12. Pour les mêmes motifs que ceux exposés au point 8 du jugement, M. A B ne remplit pas les conditions de délivrance de la carte de séjour prévue à l’article L. 423-7 du code de l’entrée et du séjour des étrangers et du droit d’asile. Par suite, les moyens tirés de ce que la commission du titre de séjour aurait dû être saisie préalablement à l’édiction de l’arrêté en litige, et de ce que les conditions de convocation de M. A B et ses droits de la défense dans le cadre de cette saisine n’auraient pas été respectées, doivent être écartés.
13. En cinquième lieu, aux termes de l’article L. 423-3 du code de l’entrée et du séjour des étrangers et du droit d’asile : « Lorsque la rupture du lien conjugal ou la rupture de la vie commune est constatée au cours de la durée de validité de la carte de séjour prévue aux articles L. 423-1 ou L. 423-2, cette dernière peut être retirée. / Le renouvellement de la carte est subordonné au maintien du lien conjugal et de la communauté de vie avec le conjoint qui doit avoir conservé la nationalité française ».
14. M. A B se prévaut d’une « exception d’illégalité » tirée de ce qu’en se fondant sur l’article L. 423-3 du code de l’entrée et du séjour des étrangers et du droit d’asile, le préfet de la Marne a « ignoré que le divorce n’est pas prononcé à ce jour entre M. A B et son épouse » et que dès lors le fondement juridique sur lequel le préfet de la Marne appuie sa décision ne lui est pas applicable. Toutefois, l’arrêté en litige n’est pas fondé sur l’article L. 423-3 du code de l’entrée et du séjour des étrangers et du droit d’asile. Ce moyen doit dès lors être écarté comme inopérant.

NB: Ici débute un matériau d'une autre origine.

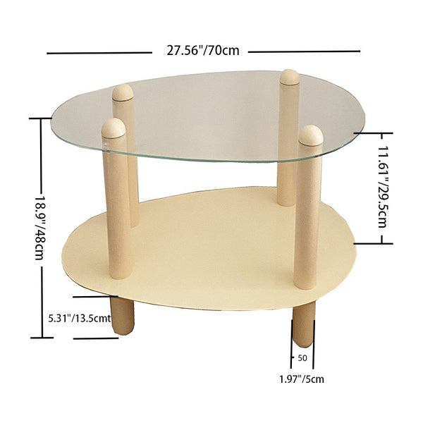 Modern Minimalist Teardrop-Shaped Glass Wood End Table 2-Tier For Living Room
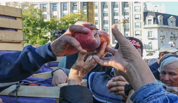 Argentina: productores regalaron fruta en la Plaza de Mayo para visibilizar la crisis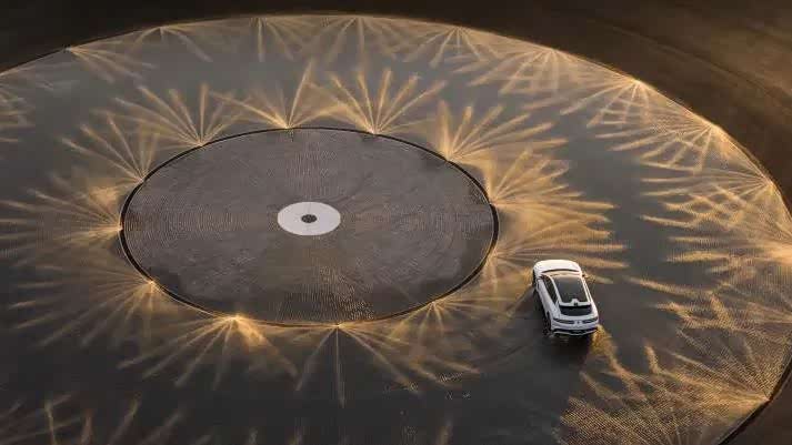 更有體驗漂移的專業場地,這是一條國內首創的 44 米直徑低摩擦環形道,采用3萬多塊玄武巖磚拼接,配合 3mm 均勻水膜控制系統,摩擦系數介于冰面與雪地之間。
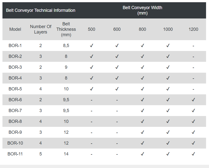 BOR Series conveyors are manufactured in different sizes to match plant requirements, with belt widths typically ranging from 500 mm to 1200 mm and lengths produced according to the required layout. The conveyors use an electric motor operating at 1500 rpm, and the belt is typically a 4 ply rubber belt with 10 mm or 12 mm thickness depending on duty. Impact rollers are used at feed points to reduce wear, and the system is designed for stable, controlled transport without spillage when correctly selected for the application.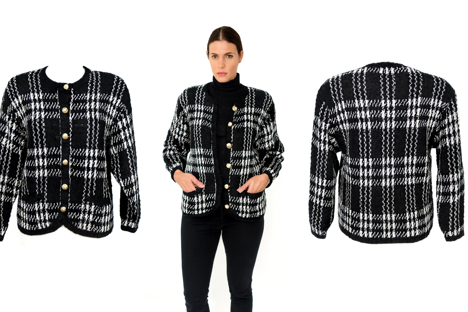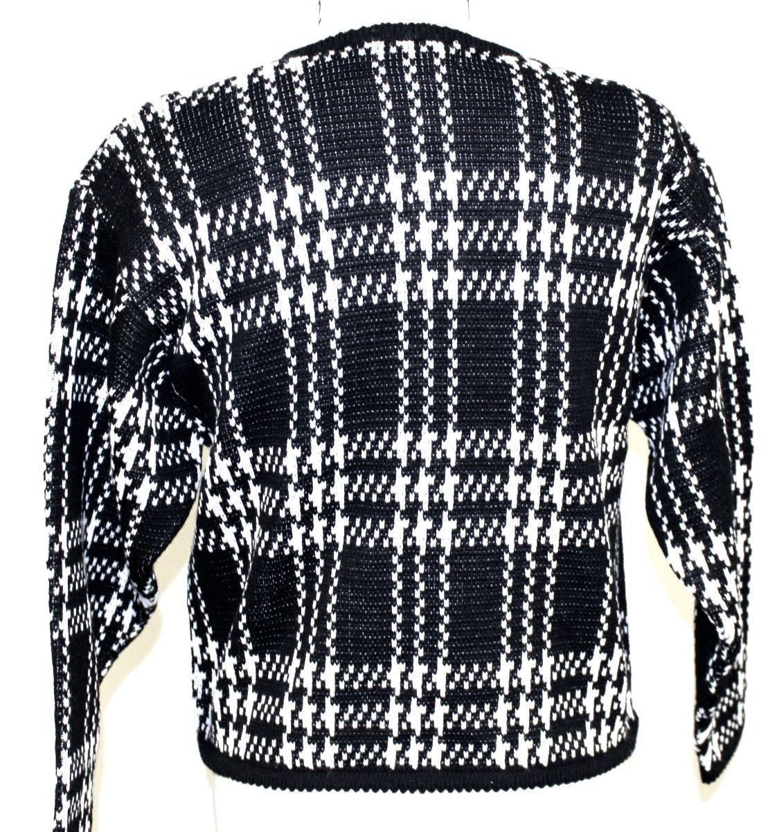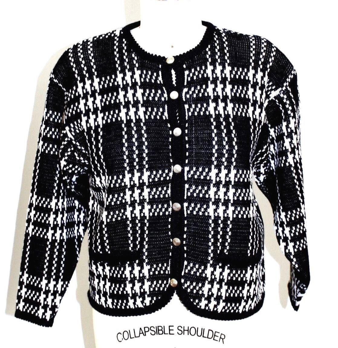 NWOT vintage Tally-Ho Pollak cardigan sweater in bold black white plaid. Features gold statement buttons, lightly padded shoulders for structure, and sweet front pockets. 100% acrylic. Never worn, excellent unused condition.

15. En dernier lieu, à supposer que M. A B, qui invoque un « abus de pouvoir », se prévale d’un détournement de pouvoir, il n’en établit toutefois pas l’existence. Ce moyen doit par suite être écarté.
16. Il résulte de tout ce qui précède que la requête de M. A B doit être rejetée, y compris les conclusions aux fins d’injonction et d’astreinte, et celles présentées sur le fondement de l’article L. 761-1 du code de justice administrative.
D E C I D E :
Article 1er : La requête de M. A B est rejetée.

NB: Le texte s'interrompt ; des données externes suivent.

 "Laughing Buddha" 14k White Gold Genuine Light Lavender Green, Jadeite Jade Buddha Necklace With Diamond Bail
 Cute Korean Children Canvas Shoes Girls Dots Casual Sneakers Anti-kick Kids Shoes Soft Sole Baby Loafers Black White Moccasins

Article 2 : Le présent jugement sera notifié à M. D A B et au préfet de la Marne.
Copie en sera adressée pour information au ministre de l’intérieur.

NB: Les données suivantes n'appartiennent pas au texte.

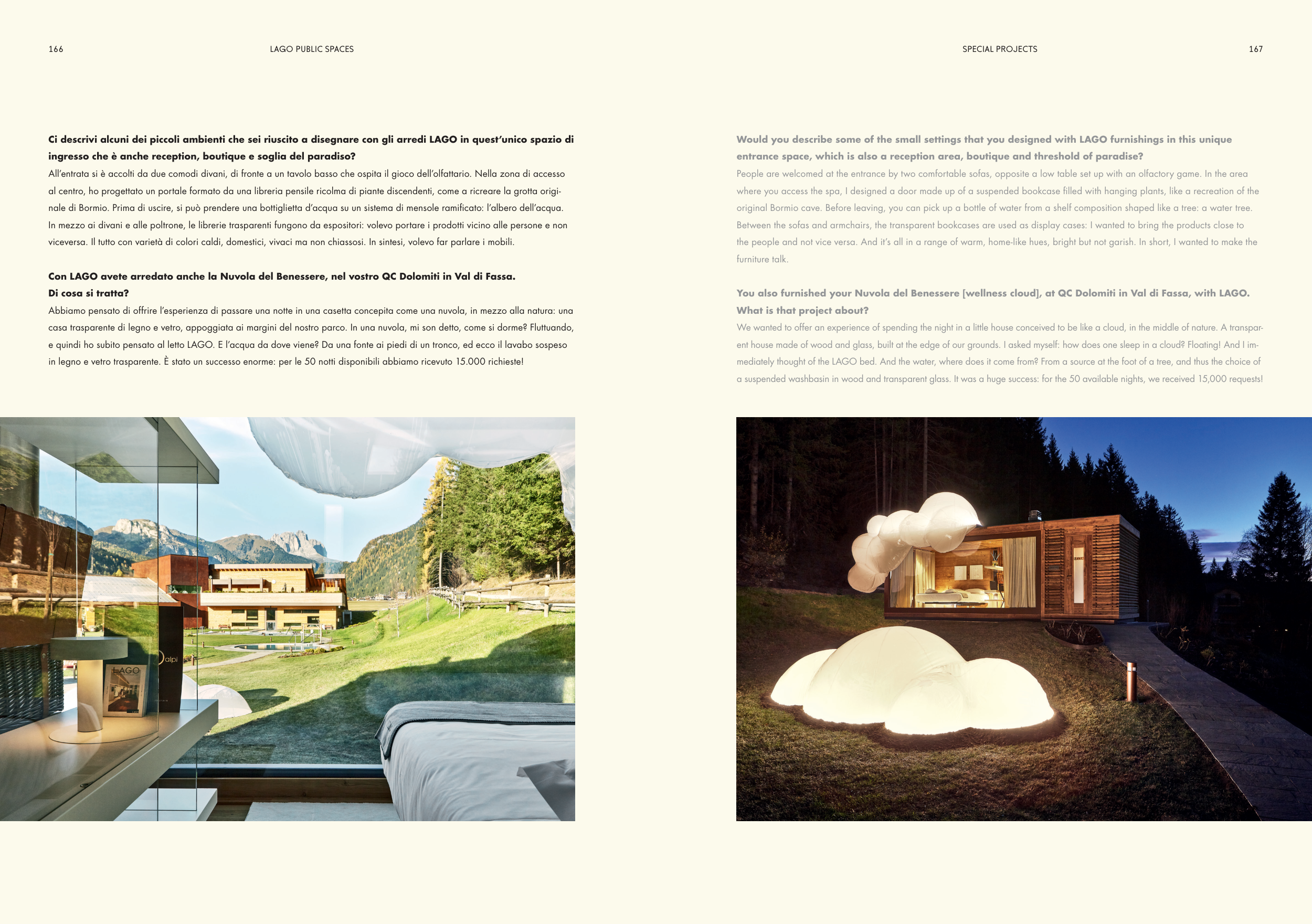 You also furnished your Nuvola del Benessere [wellness cloud], at QC Dolomiti in Val di Fassa, with LAGO.

Délibéré après l’audience du 19 décembre 2024, à laquelle siégeaient :
M. Briquet, président,
M. Torrente, premier conseiller,
M. Rifflard, conseiller.
Rendu public par mise à disposition au greffe le 9 janvier 2025.
Le rapporteur,
Signé
R. RIFFLARDLe président,
Signé
B. BRIQUET
La greffière,
Signé
F. DAROUSSI DJANFAR
La République mande et ordonne au préfet de la Marne en ce qui le concerne ou à tous commissaires de justice à ce requis en ce qui concerne les voies de droit commun contre les parties privées de pourvoir à l’exécution du présent jugement.